Knowledge of death is the only key that can open midnight's gate.

Bei Dao

At 3:30 P.M. on March 24, 2002, Air France flight 1992 came to a stop on the parking apron of Tel Aviv International Airport. We took a shuttle to the entrance to the border inspection area and crowded together in line. An official from the Israeli foreign affairs office unexpectedly burst in, collected our passports, disappeared, and then reappeared; we filed out behind him through a special exit. I had just breathed a sigh of relief when I was stopped by an official-looking young man who was clearly a plainclothes police officer. He said that for security purposes, I had to answer some questions. The purpose of my trip? I mumbled that I was a member of the International Parliament of Writers delegation. He heard "delegation" as "interrogation." What? International Writers' Interrogation? His ears pricked up. No, not interrogation, I hurriedly waved my hand to call over our secretary general, [End Page 55] Christian Salmon. But Salmon spoke only French, and the three of us grew more confused as we tried to communicate, unable to figure out just who was interrogating whom. Fortunately, the representative of the French consulate in Israel—who had come to pick us up—made a timely appearance and finally broke the standoff. The plainclothes policeman, tapping two fingers to his temple, said goodbye to us in French.

There were eight members of the International Parliament of Writers delegation; they came from eight countries on four continents and included the chairman of the International Parliament of Writers, American novelist Russell Banks; South African poet Breyten Breytenbach; Italian novelist Vincenzo Consolo; Spanish novelist Juan Goytisolo; the secretary general of the International Parliament of Writers, Christian Salmon; Portuguese novelist José Saramago; Nigerian poet and dramatist Wole Soyinka; and myself.

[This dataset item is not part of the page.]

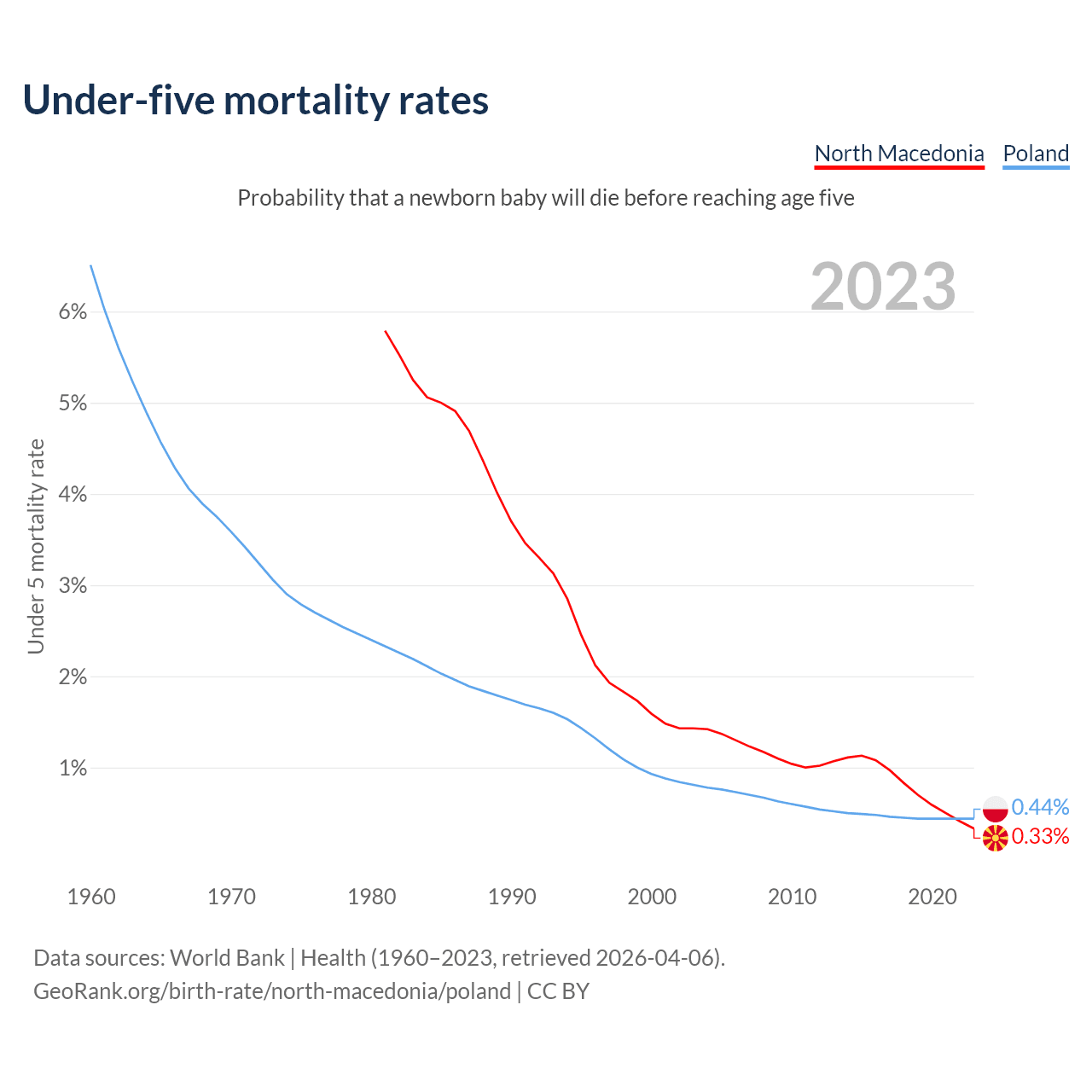 The chance that a newborn baby will die before reaching age five is 0.33% in North Macedonia and 0.44% in Poland. Above is a chart with historical data on under-five mortality rates.
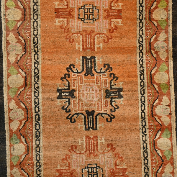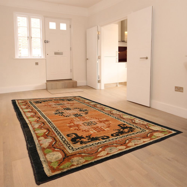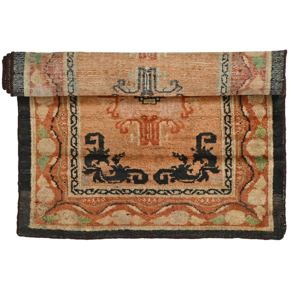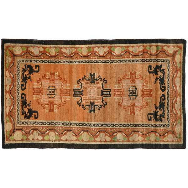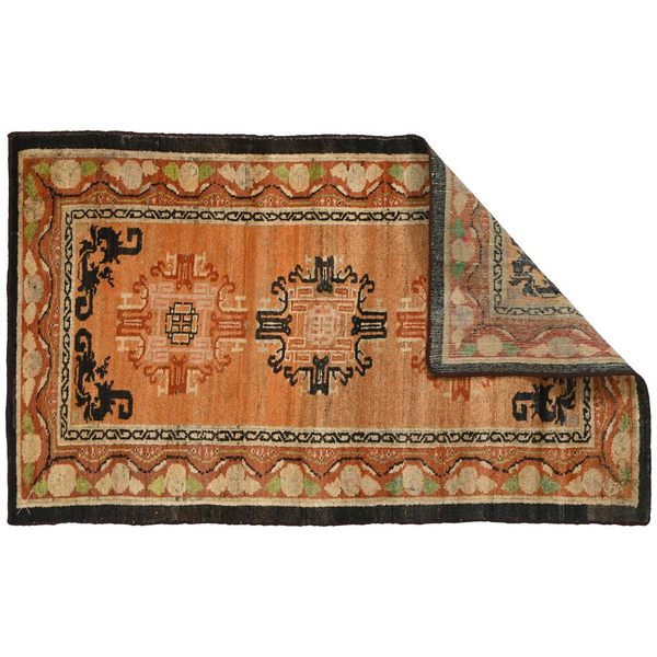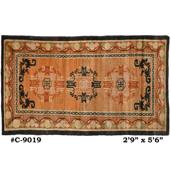 This antique Tibetan rug have been made from Tibetan Highland sheep wool.

At 6 P.M. the previous day, we had held a press conference at the France Television booth in the main hall of the Paris Book Show, where we presented the document "Call for Peace in Palestine," which had been signed by over five hundred writers from more than thirty countries, including several Israeli writers.

On our trip, there were also ten or so reporters, and at the airport gate we all got into a bus that the French consulate sent to pick us up. The highway from the airport stretched into the interior, the landscape becoming more and more desolate. This was a wasteland, hills and mountains of sand and stone forming a bleak panorama, with shrubs and wild grass scattered here and there, that reminded me of the Gobi desert.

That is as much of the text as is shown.